Es gib keine richtige oder falsche Art der Meditation. Lasse dich von deiner Intuition leiten und verfahre so, wie es sich für dich am besten anfühlt. Solltest du noch unerfahren in der Meditation mit Heilsteinen sein, findest du hier eine einfache Anleitung: 

  1. Sorge vor der Meditation dafür, dass dein Stein energetisch gereinigt und aufgeladen ist.
  2. Begib dich an einen ruhigen Ort, wo du ungestört sein und dich entspannen kannst.
  3. Nimm dir eine bestimmte Absicht vor, die du mit der Meditation verfolgst.
  4. Lege dich hin und platziere deinen Stein auf deinem Körper, zum Beispiel einem Chakra.Du kannst ihn auch in den Händen halten und im Sitzen meditieren.
  5. Schließe deine Augen und konzentriere dich auf deinen Atem.
  6. Lenke dein Bewusstsein auf den Stein und spüre seine Energie und den Kontakt mit deiner Haut.
  7. Visualisiere deine Absicht und kommuniziere sie dem Stein.
  8. Erlaube, dass Gedanken kommen und gehen. Erlaube dir auch, Nebengeräusche wahrzunehmen. Ruhe lässt sich nicht erzwingen! Der Versuch, Energie zu unterdrücken, wühlt sie nur noch mehr auf. 
  1. Spüre deinen Körper. Wenn du Schmerzen oder Verspannungen an einer Stelle fühlst, richte dein Bewusstsein darauf und führe den Heilstein dort hin.
  2. Entspanne Körper und Geist und spüre den Stein auf deiner Haut. Verweile so lange in der Meditation, wie du möchtest.
  3. Wenn du fertig bist, bedanke dich bei deinem Stein für seine Unterstützung.
  4. Öffne deine Augen, schaue dich langsam um und atme ein paar Mal tief durch. 

Zwei Varianten der Heilsteinmeditation 

Es gibt diverse Arten der Meditation mit Heilsteinen. Im Folgenden stellen wir dir zwei besondere Techniken vor: 

  1. Das Kristall-Mandala 

Das Kristall-Mandala, Crystal Grid oder auch Legemuster oder Steinauflage genannt, vereint die Kräfte der Heilsteine mit denen der Heiligen Geometrie. Du kannst ein Mandala für verschiedene Chakras legen, indem du Heilsteine auswählst, die diesen zugeordnet werden. Wenn du das Crystal Grid auf deinem eigenen Körper legen möchtest, kreiere es zunächst auf einem Tisch und übertrage es im Anschluss auf deine Beine, deinen Bauch oder deine Brust. Lass dir von einem Freund helfen, wenn du Heilsteine auf dem ganzen Körper oder im Gesicht platzieren möchtest. 

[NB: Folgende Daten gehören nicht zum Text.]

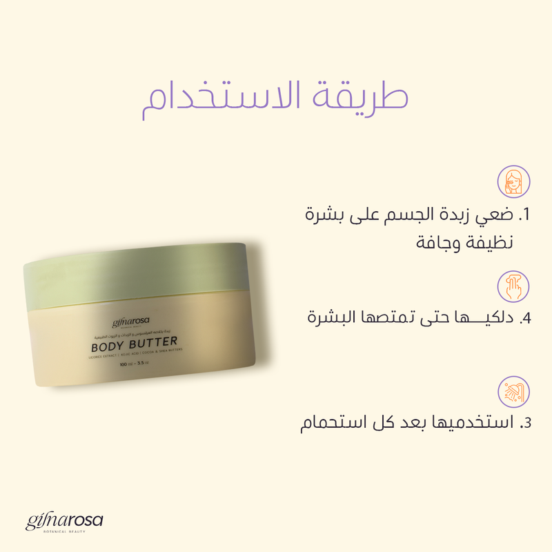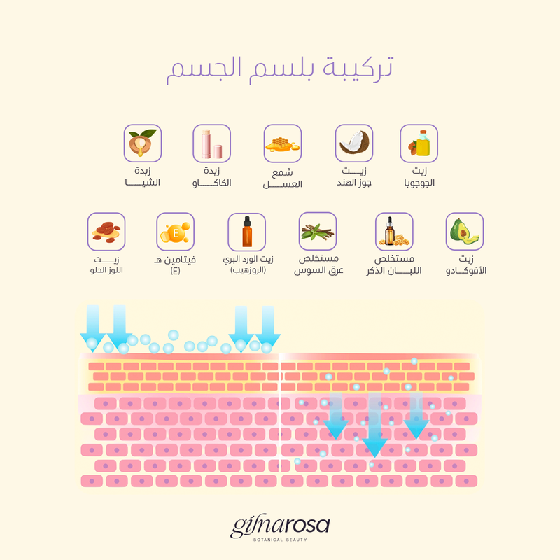 - الانتظام: يُفضل استخدامها بعد كل استحمام. (النتيجة: ترطيب عميق، تنعيم وتغذية البشرة).

Wähle deine Steine nach Bauchgefühl aus und lege sie intuitiv in ein sternförmiges Muster. Lass dich von der Energie der Steine leiten! 

Schließe die Augen und spüre die Heilsteine auf deinem Körper. Verbinde dich mit ihrer Kraft, indem du dein Bewusstsein auf sie lenkst. 

  1. Die Steinkreis-Meditation 

Bei der Steinkreis-Meditation legst du einen Kreis aus Heilsteinen auf den Boden und setzt dich in die Mitte. Wenn du einen Steinkreis legst, achte darauf, dass er weder zu groß noch zu klein ist. 

Wähle vier Steine aus, die den vier Himmelsrichtungen entsprechen. 

  1. Der Stein des Nordens ist der Stein des Verstands. Wähle einen Stein entsprechend eines Themas oder einer bestimmten Absicht aus.
  2. Der Stein des Ostens ist der Stein des geistigen Wesens. Suche ihn rein zufällig aus oder erlaube ihm, dich auszuwählen.
  3. Der Stein des Südens wird mit dem Auge ausgewählt. Er entspricht deiner Seele.
  4. Der Stein des Westens wird mit der Hand ausgesucht, ohne hinzuschauen. Dies ist der Stein, der deinen Körper repräsentiert. 

Setze dich in den Steinkreis und richte deinen Blick gen Norden. Erlaube den Steinen, einen energetischen Raum für dich zu bilden, indem du geschützt und geerdet meditieren kannst. Spüre wie ihre Energie dich umgibt, dir Halt und Orientierung gibt und beobachte, was in dir vorgeht. 

Wie du siehst, sind Heilsteine kraftvolle Hilfsmittel und können auf vielfältige Weise in der Meditation eingesetzt werden. Wir hoffen, du hast in diesem Artikel viel Wissenswertes erfahren und dich für deine ganz persönliche spirituelle Praxis inspirieren lassen. Namaste!